Saturday, August 8, 2009

End of the road...

So it seems I've reached the end of the road, both literally and figuratively. I've made my way to a small surf pueblo at the Southern tip of the Nicoya Peninsula in Costa Rica by way of a series of buses, a pick up truck, and a few more buses. It was quite the trek to arrive here, which only adds to the isolated and chilled out feel; I think it is a good place to end things.
Yes, circumstances and experiences and general fatigue have brought me to the point where I think I need head back to Canada for a while. There is so much of Central America that I have not experienced, but I've certainly been here long enough to grasp the essence of it. And now, in Costa Rica for the final leg of my journey, there is one popular phrase that seems to capture that essence: "Pura vida"... The pure life.

The last few weeks here have been rather anticlimatic, as Costa Rica is a rather safe, clean, and friendly country to travel around. It's not a place I'd want to spend a lot of time, despite the incredible waves and the lush surroundings. It's just too easy here to have whatever you want, and I feel it kind of defeats the purpose of coming to a place like Latin America. I spent a few days surfing in a place called Playa Guiones, which also has been given the Spanish name of "Proyecto Americano"- the American Project. There, Americans own all of the businesses, mark up all of the prices, and basically just create a little bubble within Costa Rica that they can call their own. They even have a runway so those especially wealthy ones can make it to their beachfront home with ease. It's been an interesting contrast with everywhere else I've been, and I suppose an important part to see to give me an overall picture of things in this part of the world. So many travellers here look at me wide eyed when I tell them where I've been and for how long, as if I've just come out of a hellish war zone North of here. I've quickly been reminded how easily our perspectives in the developed world are distorted by rumours and the media.
Life in the poor nations of Central America goes on like anywhere else, and despite many struggles and problems, the people hold their arms open to the world and work to make their homes safe and comfortable for those willing to embrace them.

"Knowledge can be communicated, but not wisdom. One can find it, live it, be fortified by it, do wonders through it, but one cannot communicate and teach it." - Siddhartha

I tried to define my purpose for writing this blog in my opening entry, and if I've succeded in any way I'm grateful, and I maintain my conviction. However, I´ve quickly learned that only experience itself is the true communicator. Throughout my travels I've told many people to read my blog, and when they learn the name of it they often dismiss it as arrogant and ridiculous. All I've tried to relay throughout this blog though, is a truthful interpretation of things I've seen and experienced; it has been the truth to me. Some may say that the title "the truth" ought to be left to something more objective, but what more is the truth than our own subjective interpretations of a series of facts or observations?
"Omne verum vero consonat" - Every truth agrees with every other truth. I maintain that I have written the truth, and I only hope that those reading this can get out into the world and discover the truth for themselves, for that is the only way.

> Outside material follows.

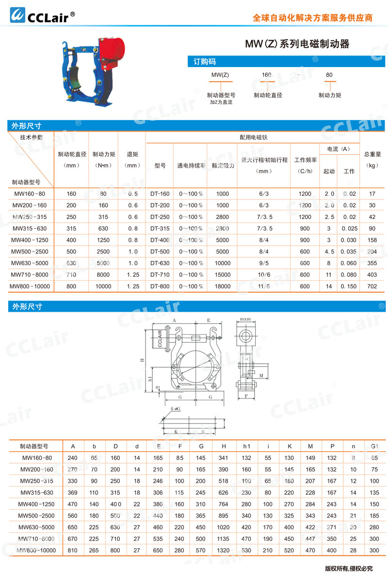 MWZ160,MWZ200,MWZ250,MWZ315,MWZ400,MWZ500,MWZ630,MWZ710,MWZ800,MWZ800-10000,電磁制動器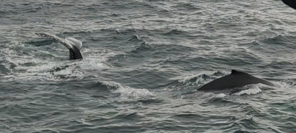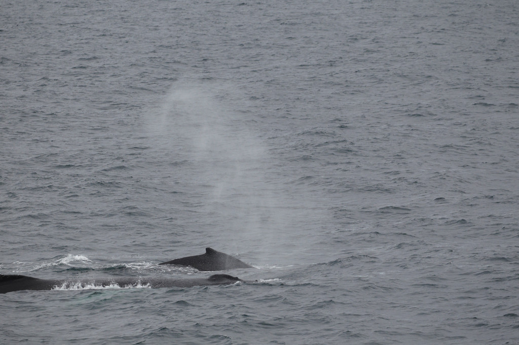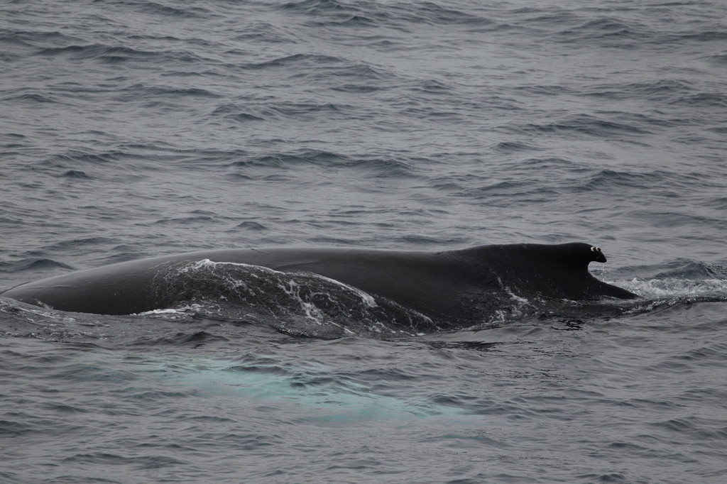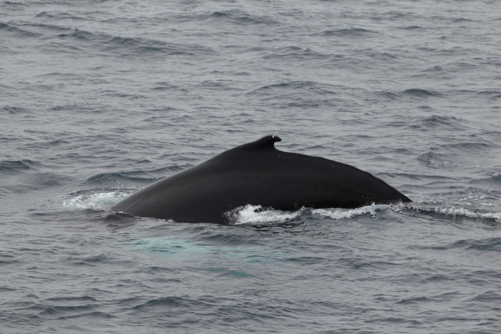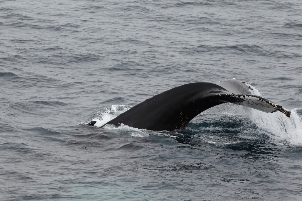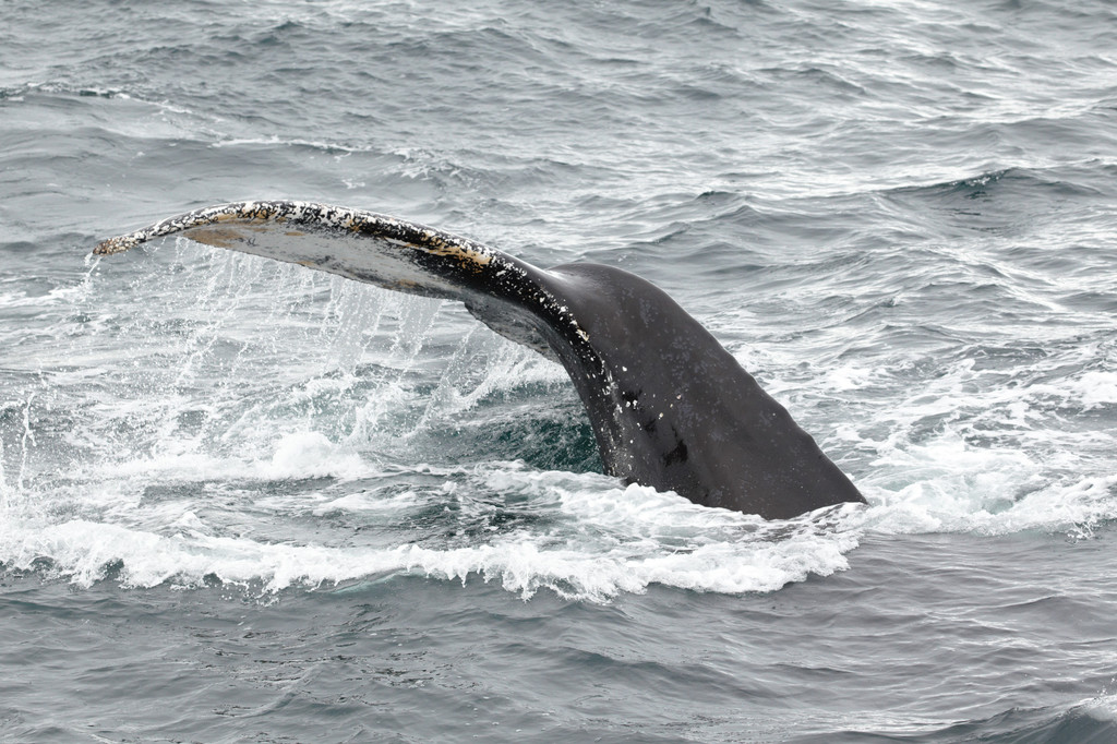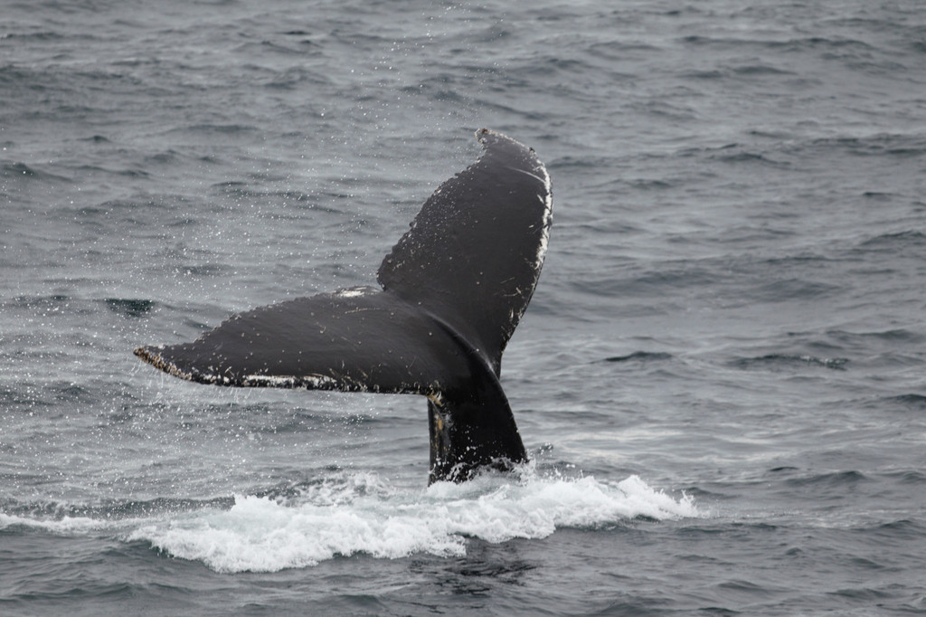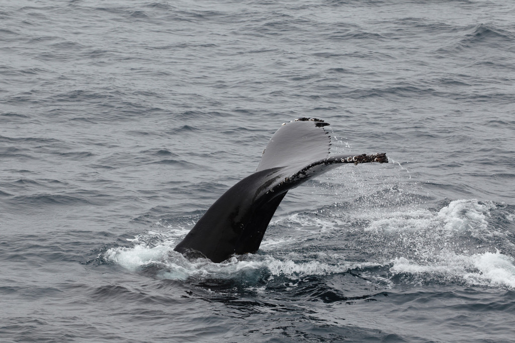 不是每只鲸鱼,都有上面精彩的连贯表演。有些鲸鱼只露出背鳍就急忙下潜,而这只鲸鱼非常友好,下潜前展现的带水尾鳍很好看,似一挂珠帘。

Indeed, despite my my altruistic intentions, this journey has been very much about myself. I've tried to give along the way, but in a life time I would never be able to give back everything I've taken - everything I've gained. Surfing was an important aspect of my time here and it has left me feeling renewed and accomplished. I've surfed some incredible waves and met some incredible people whom I instantly connected with by our shared love of surfing. I've been humbled by the ocean and I've solidified surfing as an intrinsic part of my life now.
I received a letter from my grandmother while I was working in Guatemala in which she told me an old German proverb. The translation in English is roughly "With every new language that one masters, one becomes a new person". My greatest achievement over the last year has been learning the Spanish language, and indeed I feel like a whole new part of me has been found with this. I feel more worldly, and more deserving of the time I had here, I feel more deserving of being a human in this world.

My life in Central America has reached its conclusion for now, but what is certain is that the journey will continue. My time here has only invigorated my desire to see the world and to seek out new experiences. I will head back to my home city for a short period to spend time with some loved ones, but then I will be off too seek more. People often consider those who live their lives like this as being lost and uncertain, but on the contrary I feel more sure about myself, my motivations, and my goals than ever before. The most profound thing that was told to me throughout my time here is so simple yet so meaningful, and I think it encapsulates the life I live and what I've tried to pass on here.

Those that wander are not necessarily lost.


Tristan said...

I read this all

Anthony P. said...

Thanks man. You stuck with me from the get go, see you soon hopefully.